Senator-elect Tommy Tuberville, R-Alabama, on Wednesday suggested that he supports challenging the 2020 presidential election when Congress meets to certify the Electoral College votes on January 6. 

Speaking in Brunswick, Georgia, at a campaign event on Wednesday supporting Republican candidates in Georgia’s Senate run-off, Tuberville encouraged a crowd to not give up on President Donald Trump, and later, outside the event, seemed to indicate to Lauren Windsor, producer of the left-leaning political web-show, The Undercurrent, that he approved of the Senate challenging the presidential election outcome. 

“They’re going to do everything they can to lie, cheat and steal — to win this election, like they did in the presidential election,” Tuberville said to a crowd during the event, in an edited clip tweeted by Windsor on Thursday.  

“It is impossible.

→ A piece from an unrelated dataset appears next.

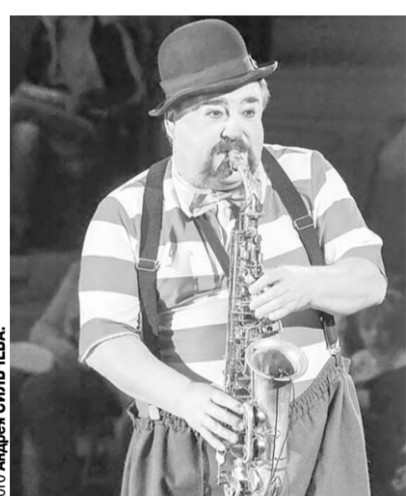
Заслуженный артист РФ Сергей Просвирнин.

фойе. Всё было построено на этюдах, которые тут же возникали (проявлялись) в общении будущих артистов с пришедшей публикой. И при этом ребята не произносили ни слова. В ход же были пущены пластика тела, мимика, язык жестов. И зритель, настроенный на позитив, принявший такую игру, уже вдохновленный шел в зрительный зал.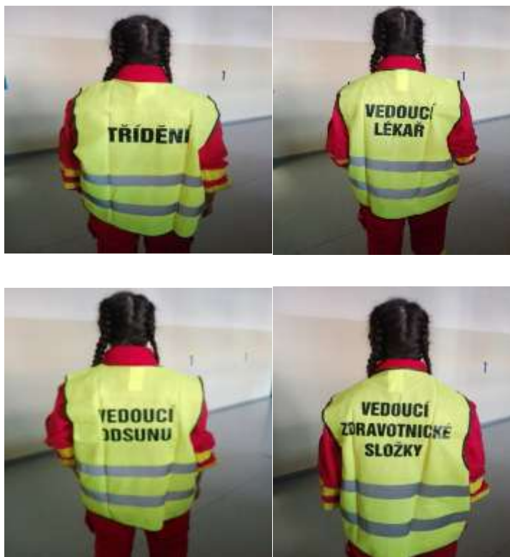
Obrázek 8 – vesty ZZS Zlínského kraje

It is impossible what happened, but we’re going to get that all corrected. I’m going to tell you. Don’t give up on him. Don’t give up on him,” Tuberville said of Trump, to a round of applause from the crowd. 

“Are you going to fight to make this election right?” Windsor asked Tuberville outside the event, to which he said: “We’re going to fight hard.” 

Windsor asked what could be done on Jan. 6, and a staffer could be seen in the video trying to walk Tuberville away, but Tuberville stopped to respond.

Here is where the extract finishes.